At Millbank the silent system is enforced, but not very perfectly, and you will get quite as much conversation as you are likely to desire. Then the day is broken by chapel and exercise, and the week by a day at school, and perhaps by a visit from a scripture-reader or one of the chaplains. Your food is, in the morning, cocoa, with beef (very hard) for dinner, and very badly made gruel for supper. The materials are good, but the cooking bad. The break is excellent, the best you will get in prison. The hammocks, which are original in structure, with a division in the centre, do not appear to be intended to sleep in so much as to exercise your powers as an acrobat, but with care you may get into them and sleep in one of their two divisions. The chapel is large, the chaplains popular, and the singing tolerably good. Your exercise consists of a walk in one of the yards, - officers in centre, men walking round at intervals of five or six yards, - and a turn at a many-handled pump by which water is raised to the cells. Beyond this I have nothing to remark of Millbank, except that the subordinate officers, an unusual number of whom appear to be tailors, are especially fond of affecting a military demeanour, and making an ostentatious display of their staves. How long you will stay at Millbank is quite uncertain. You may stay there three weeks, or you may remain nine months, but probably after a few weeks you will be removed to Pentonville. 

The journey from Millbank to Pentonville, like that from Newgate to Millbank, will most likely be performed in an omnibus. You will rather enjoy the ride. It is pleasanter than the first prison ride; you are getting used to the situation. You will, moreover, have heard a good report of the place to which you are going. The first sight of Pentonville is notwithstanding, far from encouraging. You see that you have lost your light and air-giving window. But the report is correct on the whole. Except as regards the window, your condition is in every respect improved. The cells, though not so large as those of Millbank, are carefully arranged for decency and cleanliness, and the pervading spirit of the prison is that of quietness, regularity, and good sense. It is a strict prison, but all is done kindly, sensibly, and well; and (which is no little matter to a prisoner) you have easily accessible counsel and assistance, and such as you feel you can rely on as coming from persons experienced and well-judging, and ready to consider your difficulties carefully. At Pentonville you have the same high grade of officers and warders as at Newgate, with a longer period in which to make their kindness felt. As regards the dietary arrangements, these are conducted with a care only equalled, as I have heard, in one Government prison - that of Portland. The contractors are obliged to faithfully fulfil their contracts, and all is well cooked. I remember on one occasion, when some of the mutton was rather yellow, and suspected of not being what it should be, a prisoner who was by trade a butcher was brought down to examine it. He pronounced it of excellent quality throughout. This incident shows the care used. The prison itself is built with a view to easy management, and to accustom the prisoners to the value of cleanliness and propriety. Pentonville is regarded as the representative of the model prison on the separate system, and it represents the system as faithfully and favourably as could be desired. 

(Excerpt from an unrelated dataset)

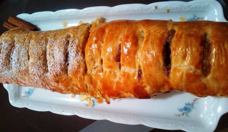 Απλώνουμε το φύλλο σφολιάτας βάζουμε πρώτα το μείγμα καρυδιού και από πάνω τα μήλα. Ρολάρουμε, κλείνουμε καλά τις άκρες. Επαναλάβετε το ίδιο με το δεύτερο φύλλο. Χαράζουμε και αλείφουμε με αυγό αναμεμειγμένο με λίγο νερό. Ψήνουμε σε αέρα στους 190 για 40, 45 λεπτά. Αν θέλουμε βάζουμε και σταφίδες . Γίνονται δύο στρούντελ. Καλή επιτυχία.😋

After having been from nine to twelve months in separate confinement, you leave Pentonville for the “public works,” as they are called, and are attached to Chatham, Portsmouth, Portland, or Dartmoor prison or, if a confirmed invalid, you are sent to Woking. Of their relative merits I confess myself unable to speak positively, for I have no means of judging, except by comparing statements almost all more or less at variance with each other. But, as far as I can judge, all the first four stations are pretty much on a par - all about equally disagreeable, and possessing, if not the same, equivalent advantages and disadvantages. I shall therefore speak only of Portsmouth, the station to which I was myself sent. The journey from Pentonville is performed by omnibus to the South Western terminus, and thence by rail. Like the other journeys of the kind in which you have taken part, it is on the whole pleasant. There is one disagreeable feature in it, no doubt. You find yourself standing chained on the railway platform in the midst of those unchained ones with whom you have no part; but you will have ceased to care much about such little collisions by this time, and if the weather is fine, or indeed if it is not, you will be fully sensible of the pleasure of breathing the fresh country air, and looking over green fields. You are kept in a carriage devoted exclusively to the conveyance of your party, but you are otherwise little constrained in this transfer of yourself. You left the separate system behind you in passing out of Pentonville, and the officers who accompany you treat you as men passed into a comparative state of freedom. 

Arrived at the “public works” prison at Portsmouth, you see that you have come under a system, not only different from that to which you have been hitherto subjected, but directly opposed to it. Everything you have seen in “separates” you now find completely reversed. No two systems could be more strikingly antagonistic. In “separates,” you have cells sufficiently roomy, and have light and air, and are encouraged and assisted to form habits of cleanliness and decency; at the same time you are carefully kept from the evil influence of other prisoners, and are brought into frequent contact with persons whose influence must be good, - as that of the chaplain and scripture-readers. At the “public works,” the opposite system is tried. The cells consist of tiers of iron boxes (I can give them no other name), 7 feet by 4 feet, and rather more than 6 feet high, or as nearly as possible the size of one compartment of a railway carriage. As for windows, many of the cells have none, except in the door, and the best have only a darkened pane of glass about 12 inches by 4 inches, and their corrugated iron sides are painted a dark dismal drab or iron colour.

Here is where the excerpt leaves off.